Someone told me you have to consider the rear axle ratial, as well as the wheel base. So in other words, you don't want to pull with a small truck like a Ford Ranger not only because the truck is not rated for that much weight, but also because it is a very narrow truck thus lacking in stability on the highway. Am I right?


----------



## xXEventerXx (Nov 27, 2010)

I tow with a 3/4 ton GMC and i have a 2 horse straight haul and it pulls awesome you dont need anything bigger than a 1 ton if your pulling a small trailer and no less than a half ton


----------



## RitzieAnn (Dec 22, 2010)

Does your van have a 318? Your 1500 is the same as a truck. It's a half ton, which is plenty to tow with. I had a 95 Ram half ton (1500). It towed my 97 Logan 2 horse slant, which weighs 2800lbs. The truck was great. Hardly felt the trailer behind me. Was a little slow going up larger hills, but it was great otherwise. Unfortunately the truck was rolled, so I no longer have it. My transition truck was an 85 Ram w/a 318. It also towed great.

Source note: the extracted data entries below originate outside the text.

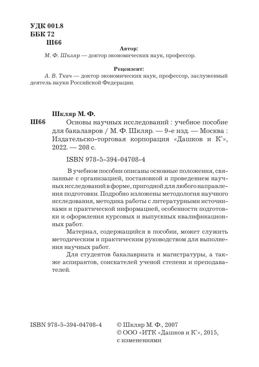 В учебном пособии с учетом современных требований описаны основные положения, связанные с организацией, постановкой и проведением научных исследований в форме, пригодной для любого направления подготовки. Подробно изложены методология научного исследования, методика работы с литературными источниками и практической информацией, особенности подготовки и оформлении курсовых и выпускных квалификационных работ. Материал, содержащийся в пособии, может служить методическим и практическим руководством для выполнения научных работ. Для студентов бакалавриата и магистратуры, а также аспирантов, соискателей ученой степени и преподавателей.
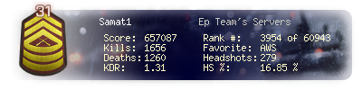 | Headshots | 279 | Suicides | 17 | Headshot / Kill | 16.85 % |
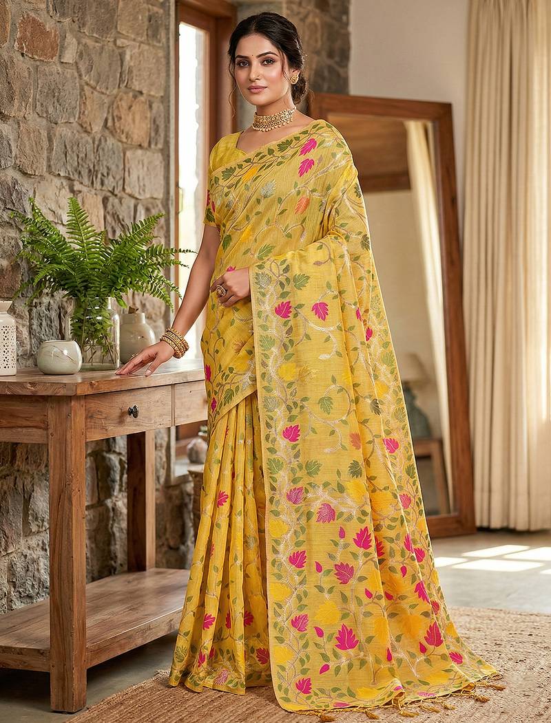 | Product Name | Yellow Elegant Linen Cotton Saree – Lightweight & Comfortable Ethnic Wear | |

My new truck is a 94Ram 3/4 ton (2500). It's a Cummins turbo diesel. I went with a larger truck because I want to trade my 2 horse for a 3 or 4 horse.

It largely depends what trailer you want. I had my truck first, so I needed a trailer less than 3000lbs, so it could be loaded & below my trucks tow capacity. My in laws have a 95 Dodge Dakota. It will pull my trailer, but we never have horses in it. It's a small truck. My trailer is large. Now, if you have an older straight load, it would likely be fine. Just check into tow ratings, horse weights (on the heavy side) all tack, water, whatever you bring with you.

You can also look into some SUV's also. We were thinking about a durrango. Hope this helps
_Posted via Mobile Device_


----------



## mls (Nov 28, 2006)

F350 diesel


----------



## iridehorses (Oct 22, 2007)

I used to tow with a GMC Envoy but it just didn't do the trick. I just traded it for a Ford Expedition (5.4) which will have no trouble at all towing a 2 horse BP.


----------



## Cowgirl140ty (Jan 7, 2010)

I tow my 2 horses trailer loaded... with my ford bronco. It does awesome. I never even know its back there.


----------



## Alwaysbehind (Jul 10, 2009)

1 ton dually.


----------



## eventerdrew (Mar 13, 2009)

1997 Ford F250 Powerstroke


----------



## Skipsfirstspike (Mar 22, 2010)

RitzieAnn,
I thought the Durango was a v6, while the Dakota (both dodge) had the V8 option, therefore would be the more powerful choice?
I can't seem to get a straight answer from the dealership. I've had every answer from it can only pull if the rear axle ratio is high enough( in which case you would need the vin # from the exact truck to tell) to you can pull a large trailer loaded w/ dressing room!
I have also heard that you should only pull up to 75% of the rated towing capacity, and conversely that the rating is just a guide and you are ok to go a bit over.
So I am unsure that just because your vehicle can pull a trailer, whether it actually should. I don't know if it is enough to say that you can hardly feel it back there, what happens to your engine/brakes/tranny 3 years down the line?
I mean, I'm sure that a small ford ranger actually could pull a 2 horse bumper pull trailer, but it doesn't mean it should.
Maybe I will have to contact the manufacturer to get a definitve answer. Grrr. I want that Dakota!


----------



## RitzieAnn (Dec 22, 2010)

The newer "smaller" trucks are better than the older versions. As far as the Dakota vs Durango, I don't know. My husband is the certified mechanic. Not myself. They had a trade in at the dealership he works at, about a week ago. He was inspecting it & told me that it was better than my old half ton dodge. I didn't ask for more details once he said "sell the diesel". Lol 

Also, a "2 horse bumper pull" doesn't mean much. My friend has one that weighs about half as much as mine. She pulls it with her Explorer. But wouldn't dare pull my trailer with it. Whig is why I mentioned earlier that it also depends on what kind of trailer you get & its weight.
_Posted via Mobile Device_


----------



## Skipsfirstspike (Mar 22, 2010)

Yes, I see what you mean. My trailer is very old (1970), so it is a LOT smaller than anything you would buy today. I can just squeeze in my 2 quarter horses, they only have a few inches on either side of them. You know how some people tack up before they load their horses? Not a chance with my trailer, no room for stirrups, lol. 
Anyway, straight load with ramp, no tack room, just a small escape door. 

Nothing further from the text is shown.